By default, characters like newlines (\n) are treated as any other whitespace character, such that use like this:

s = """I’m now arrived—thanks to the gods!—  
   Thro’ pathways rough and muddy,  
 A certain sign that makin roads  
   Is no this people’s study:  """
print('"{}"'.format(normalize_space(s)))

yields a result like this:

"I’m now arrived—thanks to the gods!— Thro’ pathways rough and muddy, A certain sign that makin roads Is no this people’s study:"

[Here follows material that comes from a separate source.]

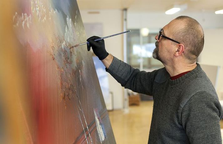 Pólitísk sýning um innri frið Bergsteinn skrifar 31. október 2012 00:01 Tolli Morthens Myndir/ Anton Myndlistarmaðurinn Þorlákur Kristinsson Morthens - Tolli - fagnar 30 ára starfsafmæli um þessar mundir og opnar af því tilefni sýninguna Friður í Smiðjunni Listhúsi á morgun. „Ég tileinka sýninguna því að það eru 30 ár síðan ég hélt ásamt félögum mínum sýninguna „Sjö" í Norræna húsinu árið 1982, sem var eiginlega upphaf „nýja málverksins" svokallaða hér á landi. Það hefur verið töluverð breyting frá þessum hráa pönkaða stíl sem ég hafði í upphafi yfir í þessar ljóðrænu landslagsmyndir, sem ég hef einbeitt mér að í seinni tíð, og endurspegla fremur andlega heim en efnislegan. Sá heimur ber með sér frið og hugarró." Tolli segir ferilinn vera skrásetningu á ástandi listamannsins á hverjum tíma og í sínu tilfelli hafi það verið alla vega. „Það voru stór tímamót hjá mér fyrir sautján árum árum þegar ég lagði fíkniefna og áfengisneyslu á hilluna og hóf nýtt lf án slíkra stoðefna. Slíkt ferðalag leiðir mann alltaf lengra og lengra í sjálfskönnun þar sem maður finnur sífellt meiri frið." En þótt efnistökin séu persónuleg segir Tolli inntak sýningarinnar á hinn bóginn samfélagslegt og pólitískt. „Ég legg þessa yfirskrift inn í samfélagsumræðuna eins og hún er í dag því við þurfum á meiri frið að halda, jafnvel þótt menn greini á málefnalega. Þetta tilfinningalega stjórnleysi í þjóðfélaginu, gremjan og reiðin, virðist ekkert vera á undanhaldi heldur finna sér nýjan farveg. Sú reiði sem reis upp í hruninu er í raun viðhaldið af þeim sem iðka stjórnmálin.Ég vil ekki endilega að menn skipti um skoðun í stjórnmálum, heldur vinnubrögð. Að menn losi sig undan karma fortíðarinnar, þessu oki að þurfa að ganga inn í gremju og reiði genginna kynslóða." Mest lesið Íslenskur mágur Rex Heuermann efins um ódæði hans Lífið Vinsælustu myndböndin á Vísi á árinu Lífið Frægir fjölguðu sér árið 2025 Lífið Ásgeir Kolbeins furðu lostinn yfir steini í jólapakkanum Lífið Skilaði týndum heyrnartólum alla leið til Hamborgar Lífið Gítarleikari The Cure er látinn Lífið Þessi smurðu mest á reikning Jommunnar Lífið Sjáðu nýja stiklu úr stjörnuprýddri hasarmynd Balta Lífið Sat uppi með sex kíló af kæstri skötu Lífið „Fyrri kona mannsins míns er með Parkinson, ekki ég“ Áskorun Fleiri fréttir Íslenskur mágur Rex Heuermann efins um ódæði hans Vinsælustu myndböndin á Vísi á árinu Frægir fjölguðu sér árið 2025 Gítarleikari The Cure er látinn Skilaði týndum heyrnartólum alla leið til Hamborgar Sjáðu nýja stiklu úr stjörnuprýddri hasarmynd Balta Ásgeir Kolbeins furðu lostinn yfir steini í jólapakkanum Viðtöl ársins 2025: Missir, afsögn ráðherra, umsáturseinelti og læknir sem þóttist vera með krabbamein Sat uppi með sex kíló af kæstri skötu Kristmundur Axel tók við af Bubba Seinfeld og Friends-leikari látinn Jólagjafir íslenskra vinnustaða Deildar meiningar um lyktina: „Þetta er byrjendaskata“ Fréttamenn gæða sér á skötu í gegnum árin Laufey á landinu Þar sem vinsælustu lög landsins verða til Þessi smurðu mest á reikning Jommunnar Einhverfir kaþólikkar um allan heim heita Þorlákur Cooper bað móðurina um hönd Hadid „Mér finnst gaman að láta sjokkera mig“ Brúðkaup ársins 2025 Heitt í hamsi hjá gestum á „helvíti á jörðu“ í Breiðholti Chris Rea hefur ekið heim um jólin í síðasta skipti Saga jarðaði alla við borðið Vísa ásökunum Skinner um kosningasvindl á bug Kimmel ávarpar bresku þjóðina: Frábært ár fyrir fasisma „Ég hugsa til þín á hverjum einasta degi“ Stjörnulífið: Óskar tíkunum gleðilegra jóla Veikindi eyðilögðu líka stóru stund Manúelu Hefur misst vini og kunningja vegna skoðana sinna Sjá meira

An optional keyword argument (preserve) may be used to designate a list of one or more whitespace characters that are to be left untouched. So, it is possible to preserve the newlines in the string from the preceding example while normalizing the rest of the whitespace:

print('"{}"'.format(normalize_space(s, preserve = ['\n'])))

which produces:

"I’m now arrived—thanks to the gods!—
Thro’ pathways rough and muddy,
A certain sign that makin roads
Is no this people’s study:"

Another optional keyword argument (trim) can be used to adjust handling of whitespace appearing at the beginning and end of the input string. Leading and trailing characters indicated in the preserve argument are always protected, but otherwise trim=True (the default) ensures a result with no leading or trailing whitespace. If the input string has leading or trailing whitespace and trim is set to False, then the result string will have either a single space character corresponding to the original leading/trailing whitespace characters or a sequence of preserved whitespace characters copied from the original. For examples:

s = '\t\n orange '
print('"{}"'.format(normalize_space(s, trim=False)))

produces

" orange "

and

s = '\t\n orange '
print('"{}"'.format(normalize_space(s, preserve=['\n'], trim=False)))

produces

"
orange "

but

s = '\t\n orange '
print('"{}"'.format(normalize_space(s, trim=True)))  # default

produces

"orange"

normalize_unicode

The second function wraps unicodedata.normalize from the standard library, adding some minor additional functionality. Its primary purpose retains that of unicodedata.normalize, i.e., to return the specified normal form ('NFC', 'NFD', 'NFKC', 'NFKD') for the Unicode string provided to the function.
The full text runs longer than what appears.